For complete examples, see Example usage with agents and Example usage with models.

Supported processor types

The following table lists all supported processors.

Processor Description
conditional Applies different processor chains based on conditions.
extract_json Extracts JSON objects or arrays from text strings.
for_each Iterates through array elements and applies a chain of processors to each element.
jsonpath_filter Extracts data using JSONPath expressions.
process_and_set Applies a chain of processors to the input and sets the result at a specified JSONPath location.
regex_capture Captures specific groups from regex matches.
regex_replace Replaces text using regular expression patterns.
remove_jsonpath Removes fields from JSON objects using JSONPath.
set_field Sets a field to a specified static value or copies a value from another field.
to_string Converts the input to a JSON string representation.

conditional

Applies different processor chains based on conditions.

Parameters:

  • path (string, optional): The JSONPath expression used to extract the value for condition evaluation.
  • routes (array, required): An array of condition-processor mappings.
  • default (array, optional): The default processors if no conditions match.

Supported conditions:

  • Exact value match: "value"
  • Numeric comparisons: ">10", "<5", ">=", "<=", "==5"
  • Existence checks: "exists", "null", "not_exists"
  • Regex matching: "regex:pattern"
  • Contains text: "contains:substring"

Example configuration:

{
  "type": "conditional",
  "path": "$.status",
  "routes": [
    {
      "green": [
        {"type": "regex_replace", "pattern": "status", "replacement": "healthy"}
      ]
    },
    {
      "red": [
        {"type": "regex_replace", "pattern": "status", "replacement": "unhealthy"}
      ]
    }
  ],
  "default": [
    {"type": "regex_replace", "pattern": "status", "replacement": "unknown"}
  ]
}

Example input:

{"index": "test-index", "status": "green", "docs": 100}

Example output:

{"index": "test-index", "healthy": "green", "docs": 100}

extract_json

Extracts JSON objects or arrays from text strings.

Parameters:

  • extract_type (string, optional): The type of JSON to extract: "object", "array", or "auto". Default is "auto".
  • default (any, optional): The default value if JSON extraction fails.

Example configuration:

{
  "type": "extract_json",
  "extract_type": "object",
  "default": {}
}

Example input:

"The result is: {\"status\": \"success\", \"count\": 5} - processing complete"

Example output:

{"status": "success", "count": 5}

for_each

Iterates through array elements and applies a chain of processors to each element.

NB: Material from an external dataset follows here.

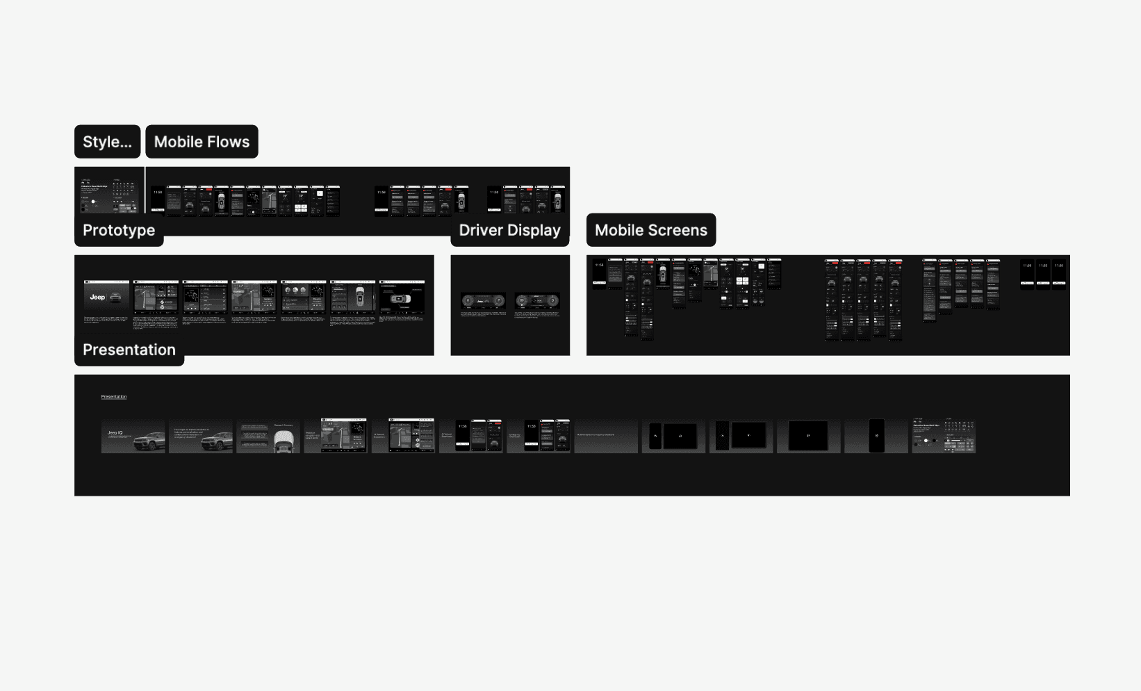 With a validated visual system and interaction framework in place, I transitioned into full-scale implementation, translating the refined concepts into functional, production-ready interface designs. This stage focused on building out complete user flows, ensuring component-level consistency, and stress-testing the system under real driving constraints. Each decision aimed to uphold the design principles defined earlier: clarity, predictability, safety, and Jeep-authentic character.

Useful for transforming array elements uniformly, such as when adding missing fields, filtering content, or normalizing data structures.

Parameters:

  • path (string, required): The JSONPath expression pointing to the array to iterate over. Must use [*] notation for array elements.
  • processors (array, required): A list of processor configurations to apply to each array element.

Behavior:

  • Each element is processed independently using the configured processor chain.
  • The output of the processor chain replaces the original element.
  • If the path doesn’t exist or doesn’t point to an array, the input is returned unchanged.
  • If the processing of an element fails, the original element is kept.

Example configuration:

{
  "type": "for_each",
  "path": "$.items[*]",
  "processors": [
    {
      "type": "set_field",
      "path": "$.processed",
      "value": true
    }
  ]
}

Example input:

{
  "items": [
    {"name": "item1", "value": 10},
    {"name": "item2", "value": 20}
  ]
}

Example output:

{
  "items": [
    {"name": "item1", "value": 10, "processed": true},
    {"name": "item2", "value": 20, "processed": true}
  ]
}

jsonpath_filter

Extracts data using JSONPath expressions.

Parameters:

  • path (string, required): The JSONPath expression used to extract data.
  • default (any, optional): The default value if the path is not found.

Example configuration:

{
  "type": "jsonpath_filter",
  "path": "$.data.items[*].name",
  "default": []
}

Example input:

{"data": {"items": [{"name": "item1"}, {"name": "item2"}]}}

Example output:

["item1", "item2"]

process_and_set

Applies a chain of processors to the input and sets the result at a specified JSONPath location.

Parameters:

  • path (string, required): The JSONPath expression specifying where to set the processed result.
  • processors (array, required): A list of processor configurations to apply sequentially.

Path behavior:

  • If the path exists, it will be updated with the processed value.
  • If the path doesn’t exist, the processor chain attempts to create it (works for simple nested fields).
  • A parent path must exist for new field creation to succeed.

Example configuration:

{
  "type": "process_and_set",
  "path": "$.summary.clean_name",
  "processors": [
    {
      "type": "to_string"
    },
    {
      "type": "regex_replace",
      "pattern": "[^a-zA-Z0-9]",
      "replacement": "_"
    }
  ]
}

Example input:

{"name": "Test Index!", "status": "active"}

Example output:

{"name": "Test Index!", "status": "active", "summary": {"clean_name": "Test_Index_"}}

regex_capture

Captures specific groups from regex matches. For regex syntax details, see Java regex syntax.

Parameters:

  • pattern (string, required): A regular expression pattern with capture groups.
  • groups (string or array, optional): Group numbers to capture. Can be a single number like "1" or array like "[1, 2, 4]". Default is "1".

Example configuration:

{
  "type": "regex_capture",
  "pattern": "(\\d+),(\\w+),(\\w+),([^,]+)",
  "groups": "[1, 4]"
}

Example input:

"1,green,open,.plugins-ml-model-group,DCJHJc7pQ6Gid02PaSeXBQ,1,0"

Example output:

["1", ".plugins-ml-model-group"]

regex_replace

Replaces text using regular expression patterns. For regex syntax details, see Java regex syntax.

Parameters:

  • pattern (string, required): A regular expression pattern to match.
  • replacement (string, optional): Replacement text. Default is "".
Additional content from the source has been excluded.